Seattle restaurants and retail employers may soon face significant restrictions on employee scheduling. The Seattle City Council is currently considering a proposed ordinance with the potential to impact hundreds of employers across the City. Following are the basics of the proposed legislation.
What employers would be covered by the proposed ordinance?
- Retail employers and large limited or quick food service employers with 500 or more employees worldwide; and
- Full-service restaurants with 500 or more employees and 40 or more locations worldwide.
What employees would be covered by the proposed ordinance?
- Hourly, non-exempt employees who work at least 50% of the time within the City of Seattle.
What would employers be required to do under the proposed ordinance?
- Pay an extra hour of pay at regular rate (in addition to wages earned) for:
- any addition of hours or shifts not on the Posted Schedule; or
- any change from the Posted Schedule to start or end time of a shift that does not result in a loss of hours.
- Provide timely notice to employees of any changes to the Posted Schedule.
- Provide employees with at least 14 days’ advance notice of their work schedules (“Posted Schedule”).

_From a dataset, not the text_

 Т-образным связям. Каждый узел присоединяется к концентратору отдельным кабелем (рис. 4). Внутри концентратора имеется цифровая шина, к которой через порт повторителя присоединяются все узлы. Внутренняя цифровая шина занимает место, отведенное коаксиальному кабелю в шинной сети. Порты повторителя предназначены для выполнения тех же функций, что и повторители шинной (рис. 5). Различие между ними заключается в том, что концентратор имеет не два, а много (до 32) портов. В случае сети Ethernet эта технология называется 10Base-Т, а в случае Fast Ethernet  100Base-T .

- Allow employees the opportunity to provide input into their work schedules and engage in an interactive process to discuss any such request, including engaging in an interactive process to discuss any significant changes to employees’ schedules.
- Provide a good faith estimate — at the time of hire, annually thereafter, and anytime there is a significant scheduling change — of employees’ work schedules.
- Pay time and a half for the length or remainder of the employee’s shift for:
- any subtraction of hours from a shift after the employee has reported for work;
- any change from the Posted Schedule to the start or end time of a shift that results in a loss of hours;
- any cancellation of a shift that was on the Posted Schedule;
- any on-call shift for which the employee does not report to work; or
- any hours worked on shifts that are fewer than 10 hours apart (which can only be worked if the employee consents to do so).
- Offer hours of additional work to existing employees before hiring new employees.
In addition to the above requirements, what would employers be prohibited from doing under the proposed ordinance?
Employers could not:
- Deny an employee’s scheduling request related to the employee’s serious health condition, caregiving, education, or other job responsibilities absent a bona fide business reason for doing so.
- Require employees to find replacements to cover their scheduled shifts when they are unable to work.
- Schedule employees for shifts separated by fewer than 10 hours (other than split shifts) without the employee’s consent.
What is the status of the proposed ordinance?
The Seattle City Council is in the process of holding public hearings on the proposed legislation. It may be voted upon as early as next month.